**Work order**
Starting at the first line of the material below, retype each line exactly until you reach the line with "in simple placement.", which is also included; pictures stay out.

**Material provided**
============================================================
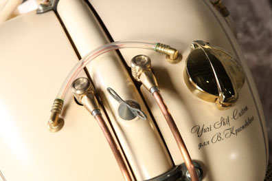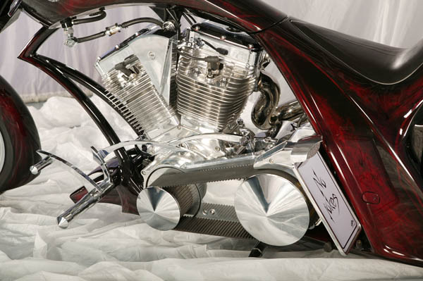 Абсолютно всем, начиная от формы и заканчивая мелкими аксессуарами, The Machine просится на старт гоночного заезда, а для создания такого впечатления пришлось провести грандиозный фронт инженерных работ. Сдвоенные двигатели – это то, о чём думали самые талантливые мастера эпохи «самопалов» и то, что впервые создал Юрий Шиф. Четырёхглавый оппозит построен на основе двух моторов К-750. Картеры от доноров присутствуют в новом корпусе лишь в виде фрагментов, всё остальное это огромный фронт высокоточных работ. Половинки коленвалов переднего и заднего двигателей соединены с помощью упругих резино-металлических демпферных муфт. Одним из сложнейших элементов мотора стал специальный распредвал, спроектированный с учётом того, что задние цилиндры повёрнуты в обратную сторону. Это было необходимо для того, чтобы сделать центральный впускной коллектор и сохранить компактность общей конструкции. Сверху двигателя Юрий установил лопостной нагнетатель системы братьев Рутс. Для того чтобы вывести на него привод пришлось установить в переднюю часть мотора генератор маховичного типа.
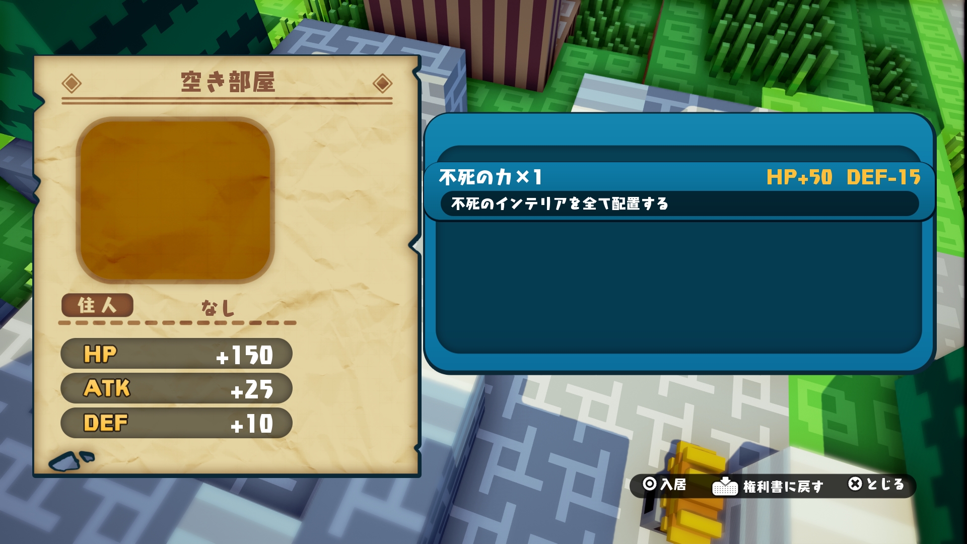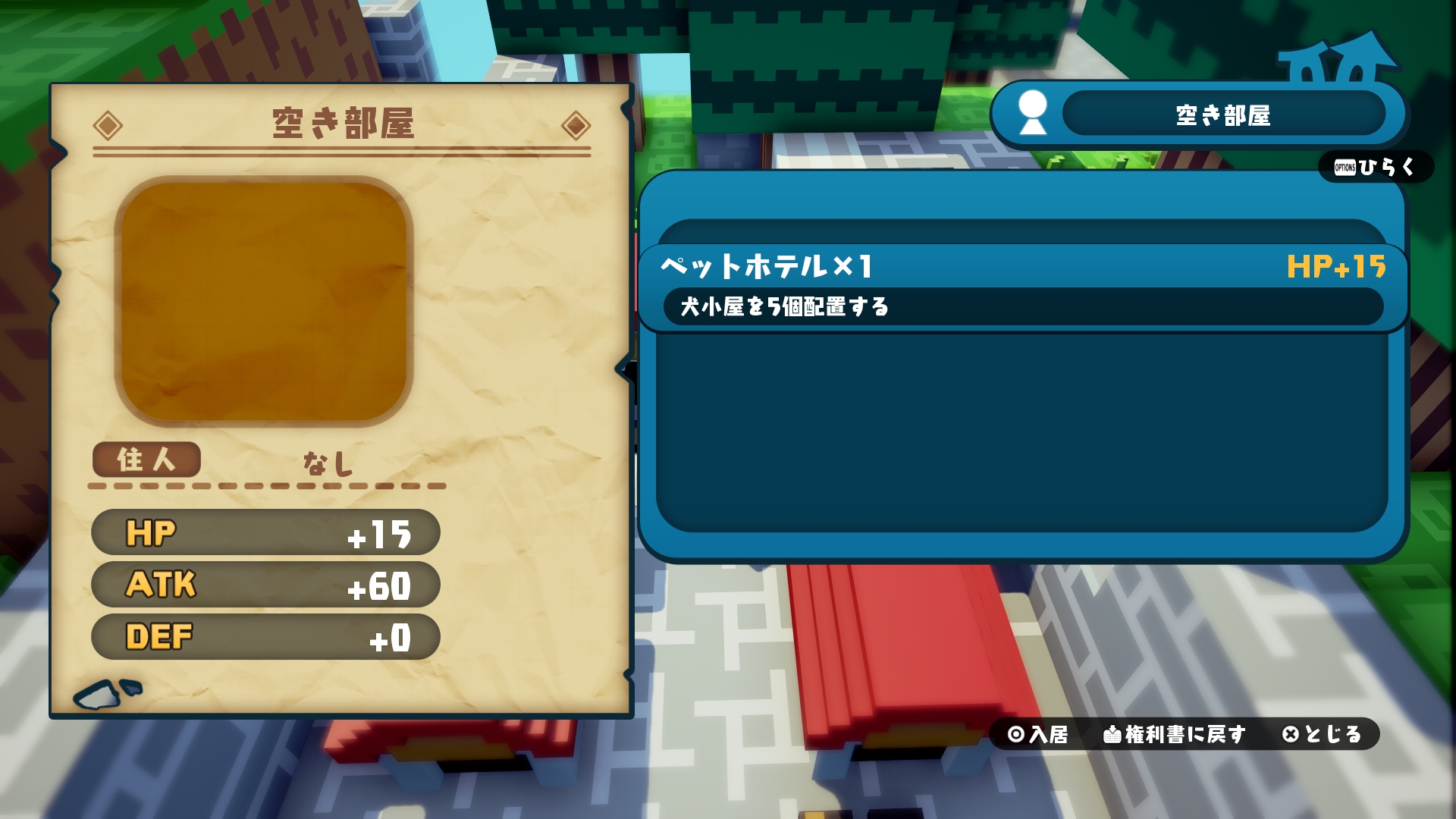 —Placing five dog houses triggers the housing effect “Pet Hotel,” which adds an “HP +15” stat revision that does not occur in simple placement.
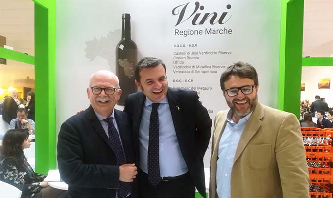 MARCHE – Con la visita del Ministro delle Politiche Agricole, Alimentari e Forestali Gian Marco Centinaio si è conclusa la partecipazione del Consorzio Vini Piceni a ProWein 2019, in programma a Düsseldorf dal 17 al 19 marzo, primo scenario internazionale della stagione per i vini del Piceno. Il Ministro ha visitato lo stand realizzato con la regione Marche tramite il progetto promozionale PSR, dove erano collocate in maniera collettiva la maggior parte delle aziende vinicole della regione e dove ha potuto constatare l’entusiasmo dei produttori, dopo i recenti numeri pubblicati che attestano una crescita dell’export regionale vicina al 10 % «Sono entusiasta della visita del nostro Ministro che ha potuto constatare la grande partecipazione dei nostri soci – ha dichiarato il presidente del Consorzio Vini Piceni, Giorgio Savini – Inoltre abbiamo avuto l’occasione di presentare le nuove annate dell’Offida Pecorino e Passerina, in commercio solo dal 1 marzo, che insieme al Rosso Piceno con il Montepulciano, fanno parte delle denominazioni realizzate con i nostri vitigni autoctoni, vera forza della vitivinicoltura picena. Ringrazio il Ministro per la sensibilità non comune nei nostri confronti, che ci rilancia al prossimo importante impegno che sarà il Vinitaly a Verona dal 7 al 10 aprile».
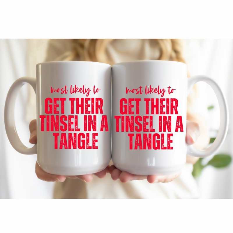15oz Ceramic Mug CHRISTMAS MOST LIKELY TO… on All White Body Ceramic Mug 12 Assorted Designs *minimum order 12 mugs assorted* (order in increments of 12) **Receive all 12 assorted OR select up to 6 designs to print on 12 mugs**
============================================================
**Reply to the task**
 Абсолютно всем, начиная от формы и заканчивая мелкими аксессуарами, The Machine просится на старт гоночного заезда, а для создания такого впечатления пришлось провести грандиозный фронт инженерных работ. Сдвоенные двигатели – это то, о чём думали самые талантливые мастера эпохи «самопалов» и то, что впервые создал Юрий Шиф. Четырёхглавый оппозит построен на основе двух моторов К-750. Картеры от доноров присутствуют в новом корпусе лишь в виде фрагментов, всё остальное это огромный фронт высокоточных работ. Половинки коленвалов переднего и заднего двигателей соединены с помощью упругих резино-металлических демпферных муфт. Одним из сложнейших элементов мотора стал специальный распредвал, спроектированный с учётом того, что задние цилиндры повёрнуты в обратную сторону. Это было необходимо для того, чтобы сделать центральный впускной коллектор и сохранить компактность общей конструкции. Сверху двигателя Юрий установил лопостной нагнетатель системы братьев Рутс. Для того чтобы вывести на него привод пришлось установить в переднюю часть мотора генератор маховичного типа.
 —Placing five dog houses triggers the housing effect “Pet Hotel,” which adds an “HP +15” stat revision that does not occur in simple placement.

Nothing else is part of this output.